UA Travel Forms Go Digital

June 1, 2019
Image
travel authorization digital form

Traveling on business can be tough. But travel, and lots of it, is essential to keep leading post-secondary institutions such as the University of Arizona on the path to success. 

According to UA policy, every employee traveling more than 35 miles from their “duty post” needs a travel authorization to get reimbursed for costs. As many as 4,000 travel authorizations are approved each year by the university.

Until recently, that meant pushing a whole lot of paper. But in December, things changed thanks to the UA's adoption of electronic travel authorization forms. The new system is part of the UA Strategic Plan Initiative 5.2A Optimize business process and ways of working.  It’s a move that will not only save trees, it will save the UA Travel Office countless hours of processing time, says UA Director of Accounts Payable Tammy Strom.

“What it means is we no longer need a paper footprint,” she says. “It puts information at a person’s fingertips, instead of having to go to a paper file.”  

Electronic travel forms are especially good news for Bonnie Moreno, business manager in the UA Office of Academic Initiatives and Student Success. It’s a unit that demands a lot of travel, both domestic and international, from its people.

“We have more than 150 employees, and we assign significant trips a half-dozen to a dozen times every week," Moreno says. "That adds up.”

Under the old system employees would fill out forms that their supervisors would then send to the Travel Office. With the new computer program, information is submitted online, making the entire process much quicker.  Moreno says approval times, “which used to average about a week, have been reduced to minutes.”

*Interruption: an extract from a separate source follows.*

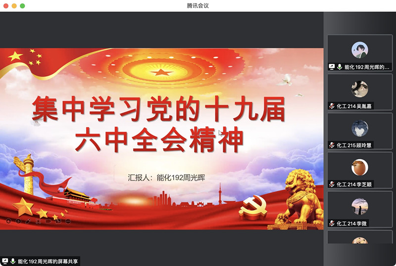 為深化我院青年對“兩個(gè)確立”的認(rèn)同與把握,深入學(xué)習(xí)貫徹黨的十九屆六中全會(huì)的精神,進(jìn)一步教育引導(dǎo)青年學(xué)黨史、知黨情、跟黨走,我院于4月6日18:30,開展青年講師團(tuán)系列線上宣講活動(dòng)。本次宣講由能化192周光輝主講。

Christopher Stahoviak, one of the two principal accountants at the UA College of Medicine – Phoenix, agrees. Stahoviak’s unit handles around 230 travel authorizations every year. He says the electronic system has cut approval times dramatically and eliminated mistakes and lost claims. 

“It has definitely streamlined the process here, It’s made it so much easier and more efficient,” he says. “In the past, it could take a week-and-a-half to get a travel authorization finalized.  Now, it gets done in a day.”

As with almost any switch from paper to digital, Stahoviak acknowledges there is a degree of resistance from users.

“But it is so much better and so much quicker," he added. "We can already see a growth in the acceptance of the new technology.”